LAS VEGAS may host far more punter-friendly spectacles, including bells and whistles by the world's big technology and consumer electronics firms, but low-profile software firm Citrix was determined to put on a good show last week for the 4,000-plus customers it brought to Nevada.
More to the point, with more acquisitions and a partnership with Dell to announce, the $7bn marketcap firm, which employs more than 80 people at its Dublin customer service centre, Citrix wanted to drive home the point that its technology is increasingly essential to make all those devices work together.
Citrix connects all the recognisable technology: mobile phones, office work stations and data centres using "virtualisation", allowing users to access their personal desktop from any device, anywhere. It does this by investing all software applications on a central store in a data centre, then delivering them on demand to end users via its virtualisation technology, creating a virtual image of your office desktop, for example, on your home PC or even your mobile phone without installing any software.
With the completion of its $500m acquisition of Resource last week, the latest in a $1.8bn string of highprofile buyouts including Ardence in January, Citrix chief executive Mark Templeton spelled out the firm's strategy at the monster meeting.
Although to some extent he was preaching to the converted, Templeton said virtualisation was key to the future of the technology industry as a method for corporate IT buyers to cut costs, improve security, "go green", and simplify data management in an era of increasingly complex compliance costs.
"Over the next decade the defining issue of IT will become delivery of applications to people, " said Templeton, who repeatedly stressed virtualisation as a solution to universal business problems, whether technical or cultural. He estimated the value of the virtualisation market to grow to $5bn in the next four years.
Several speakers at Citrix's tenth annual iForum conference made reference to the younger generation entering the office . . . the "echo boom" offspring of baby boomers . . . who demand access to corporate systems on their own devices.

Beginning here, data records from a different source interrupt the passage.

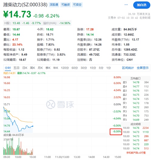 7月2日上午,老牌白马股潍柴动力盘中跳水,A股股价最低跌至15.67元/股,跌幅一度超过8%。
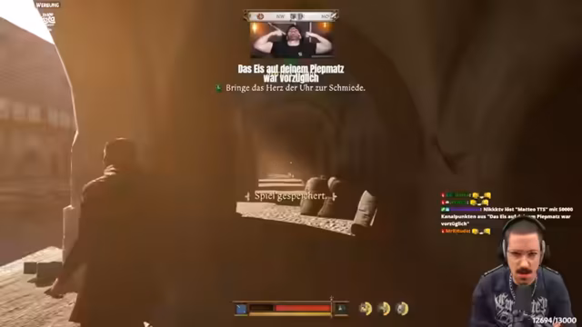 05:35:42Der Streamer trifft Heinrich im Rathaus, um mehr über die mysteriöse Uhr zu erfahren. Heinrich schildert die Geschichte, bei der die Gilde der Uhrmacher versagt hat und die Bauteile der Uhr gestohlen wurden. Er vermutet, dass ein Italiener namens Fabrizio de Dondi mit den Plänen verschwunden ist und schlägt vor, diesen zu finden, um das Rätsel zu lösen. Diese neue Mission wird zum nächsten großen Ziel.
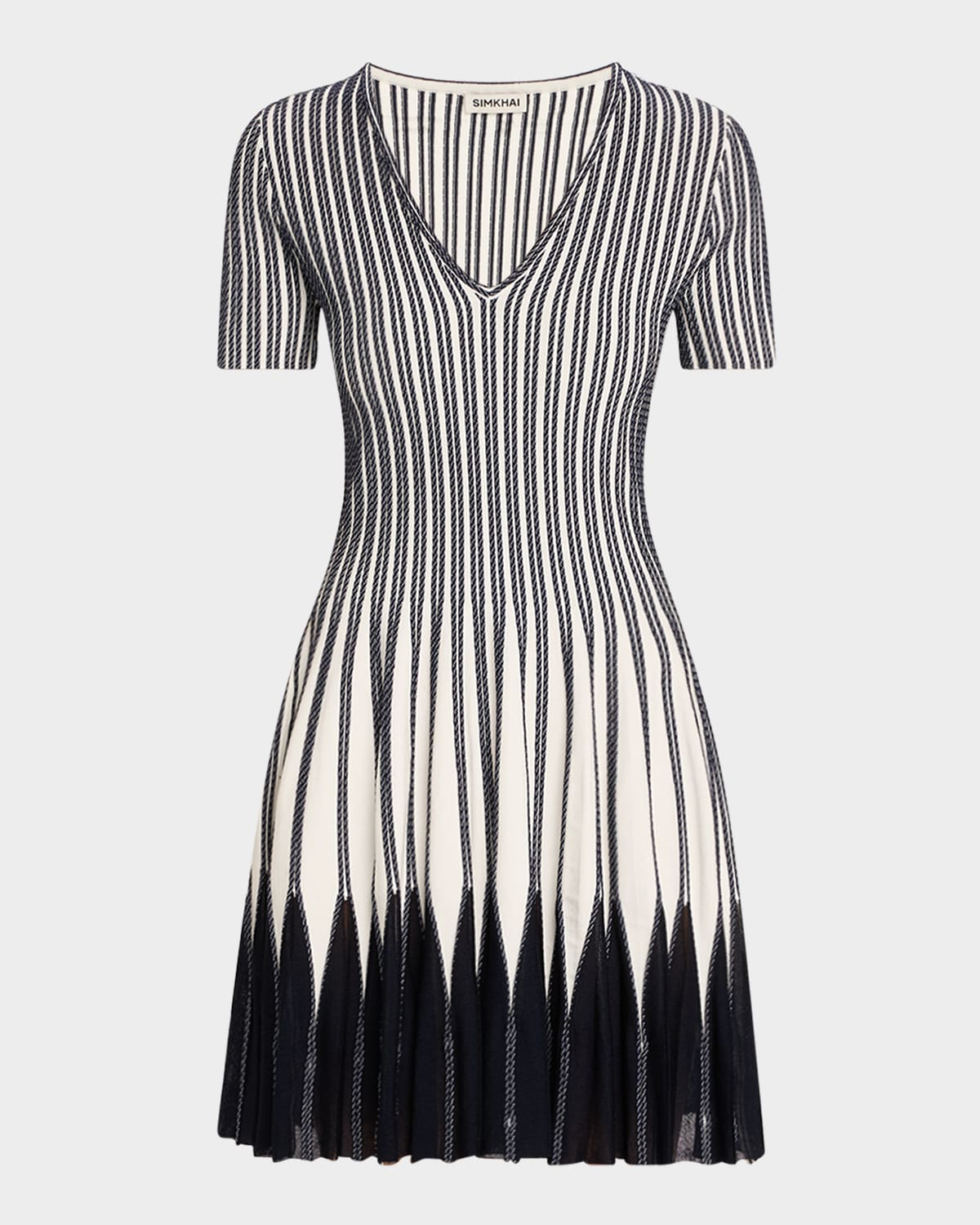 - SIMKHAI "Beckett" striped compact knit mini dress - V neckline - Sleeveless - Structured, A-line silhouette - Hem falls above the knee - Slipover style - Rayon/cellulose acetate/nylon/polyamide/polyester - Dry clean only - Imported
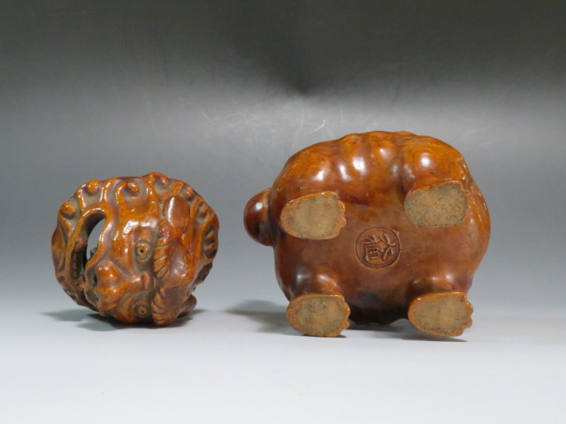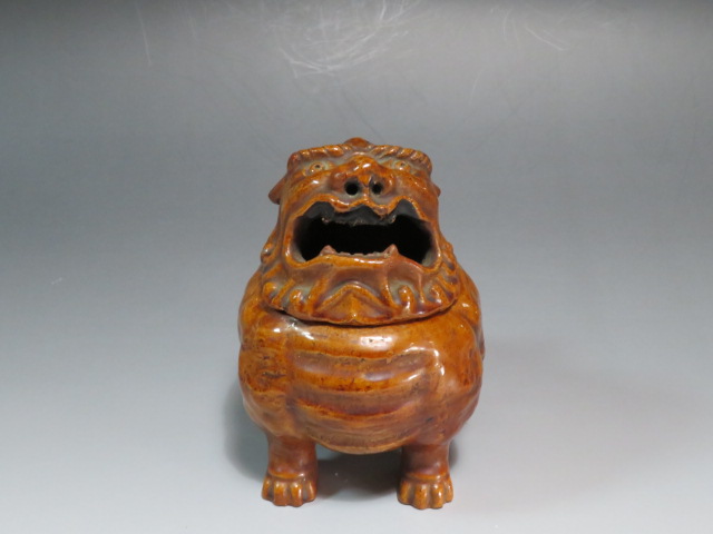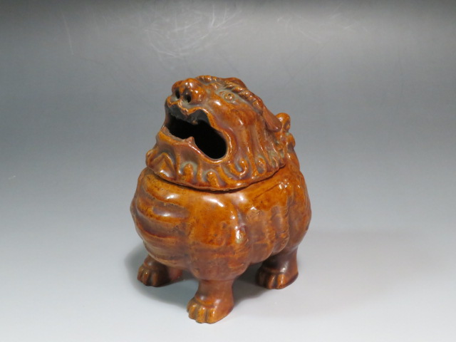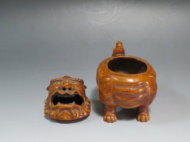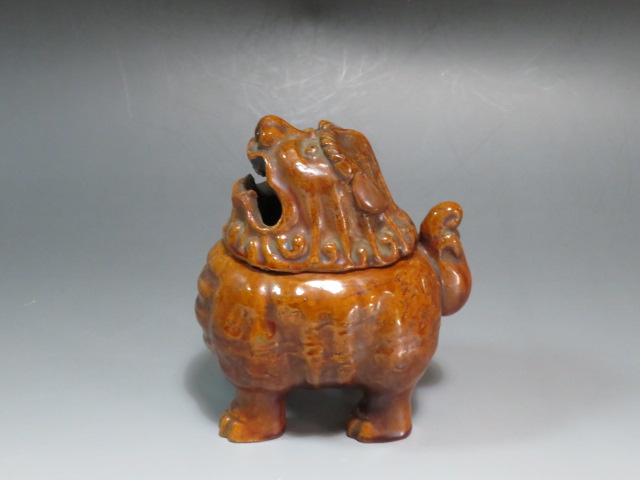 大樋焼 獅子香炉 6代 大樋長左衛門造 10代箱
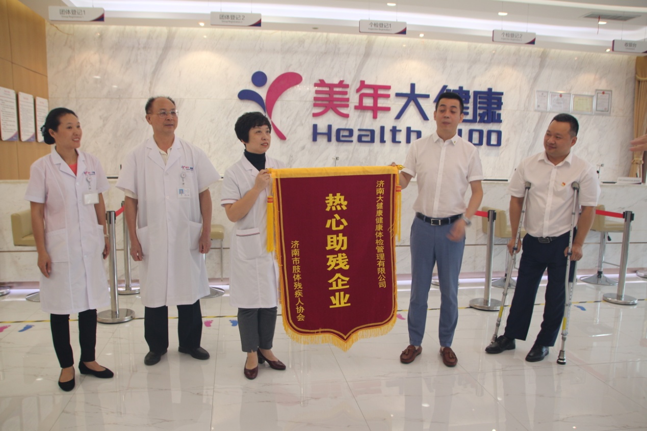 体检现场,济南市肢残协会主席、我集团党支部书记王勇博士在美年大健康济南公司总经理冯磊的陪同下,对体检中心进行了参观,并代表济南市肢体残疾人协会向济南大健康健康体检管理有限公司赠送“热心助残企业”锦旗。
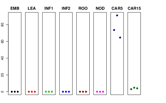 | ROO | Roots from the seedlings (10 cm shoot stage) | 0 | 0 | 0 | 0 |
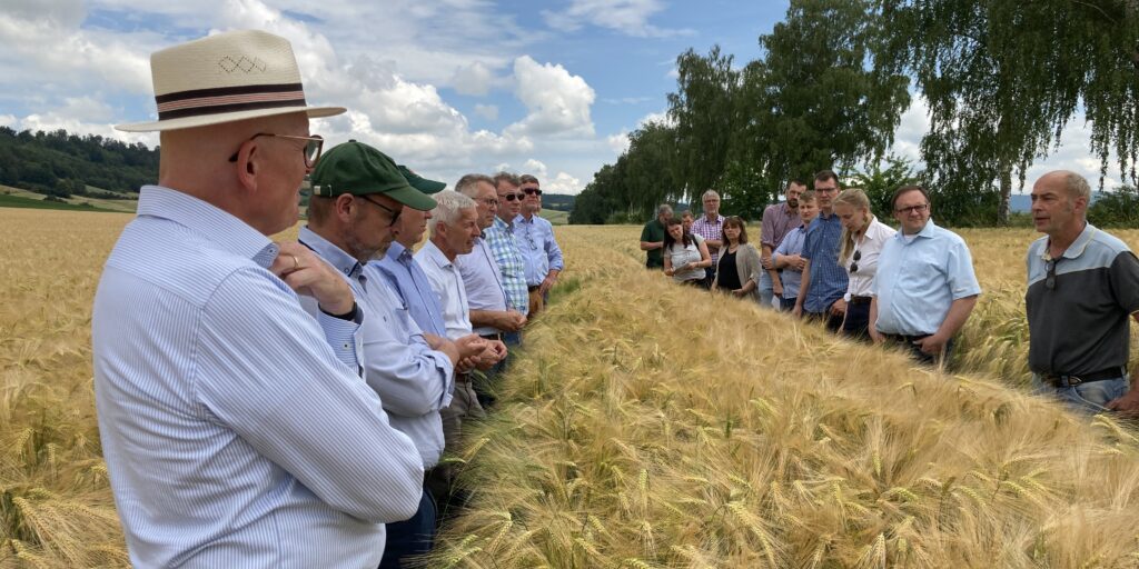 Ein Vorteil des anhaltend trockenen Wetters sei ein verringerter Schädlings- und Blattkrankheits druck, sodass die Landwirte weniger Pflanzenschutzmittel eingesetzt haben. „Das ist gut, aber wir müssen die Möglichkeit haben, unsere Pflanzen zu schützen und zu düngen, damit wir gute Qualitäten mit hohem Proteingehalt erzeugen können“, verweist Karl-Friedrich Meyer bei der anschließenden Podiumsdiskussion mit Marktvertretern auf die von der EU geplante Reduzierung des Einsatzes von Stickstoffdünger und Pflanzenschutzmitteln (SUR). In seinem Heimatkreis Hameln-Pyrmont wären 65 Prozent der landwirtschaftlichen Flächen von einem Ausbringungsverbot betroffen, im Nachbarlandkreis Holzminden sogar 97 Prozent – sollte die SUR in der aktuellen Form in Kraft treten. Als wichtige Möglichkeit in Zukunft Pflanzenschutzmittel einzusparen, sieht der Ausschussvorsitzende den Einsatz moderner Züchtungsmethoden wie Crispr-Cas
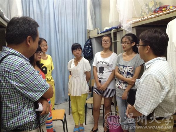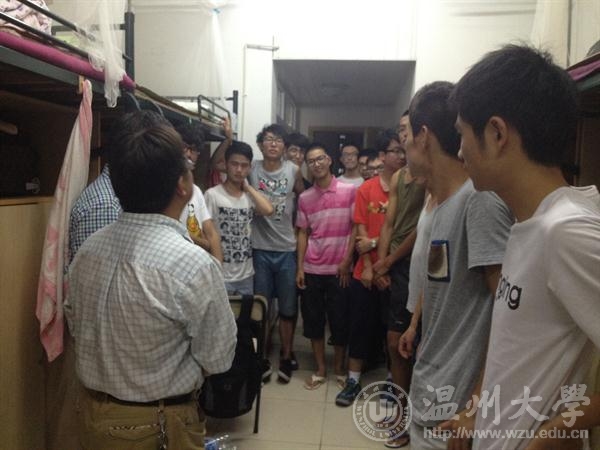 9月18日晚6:00,在黄色网址 书记方乐平、周宏明副院长、冯爱新副院长的带领下,黄色网址 教研室主任、新生班主任、寝室导师及班主任助理到寝室看望2014级新生。
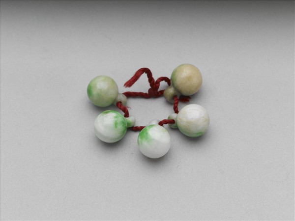 翠玉,鈕身呈球形,光素無紋;一側出鈕穿,以紅色絲繩繞過穿孔將五鈕串連在一起,便於存貯。
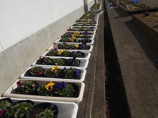 卒業式用のプランターの花々もきれいな花を咲かせています。
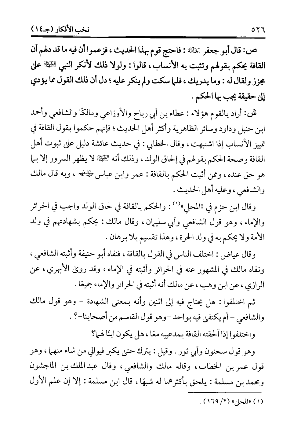 ص: قال أبو جعفر -رحمه الله-: فاحتج قوم بهذا الحديث، فزعموا أن فيه ما قد دلهم أن القافة يحكم بقولهم وتثبت به الأنساب، قالوا: ولولا ذلك لأنكر النبي -عليه السلام- على مجزز ولقال له: وما يدريك، فلما سكت ولم ينكر عليه؛ دل أن ذلك القول مما يؤدي إلى حقيقة يجب بها الحكم.
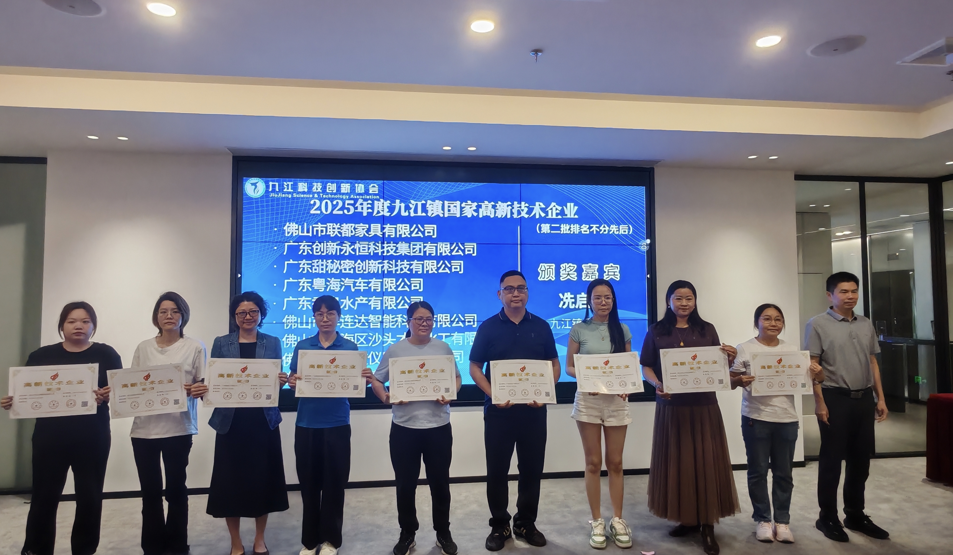 九江镇为2025年度国家高新技术企业颁发证书
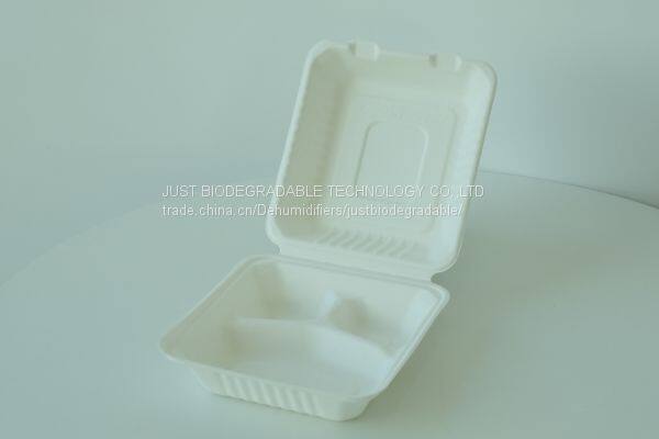 JUST Biodegradable Sugarcane & Bamboo Lunch Box Clamshell H9"-3
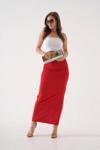 - Kırmızı rengi ile dikkat çeken etek, kombinlerinize canlılık katacak.

Another key theme was the environmental impact of information technology. PCs use 150W-250W of electricity, yet a thin client desktop application (including power consumed by the server) uses only 20W, according to Chris Fleck of Citrix. He claimed secure remote access to the office can lead to zero commute times and therefore zero petrol consumption.
He said diskless desktop computers, so-called thin clients, an 80% reduction in web servers, more telecommuting and new power management technology from Citrix and its competitors would drastically drive down energy consumption for businesses, particularly as oil approaches $100 a barrel.
Citrix unveiled a new a partnership with Dell at the conference and it was telling that a list of the five largest server manufacturers was projected onto the conference screen as the announcement was made. The message was clear that the company intends to get into bed with all the major 'metal' manufacturers. Templeton told the Sunday Tribune he envisaged data centre customers requesting Citrix products to be "sprayed on" to server boxes when ordered from manufacturers.
The buzz on the conference room floor was that if Templeton achieves this goal, then the next logical step will be for him to bring virtualisation technology out of the office server rack and into household devices, allowing remote access to personalised TV, phone systems and video games from any location. That at least will make the dinner party question easier to answer.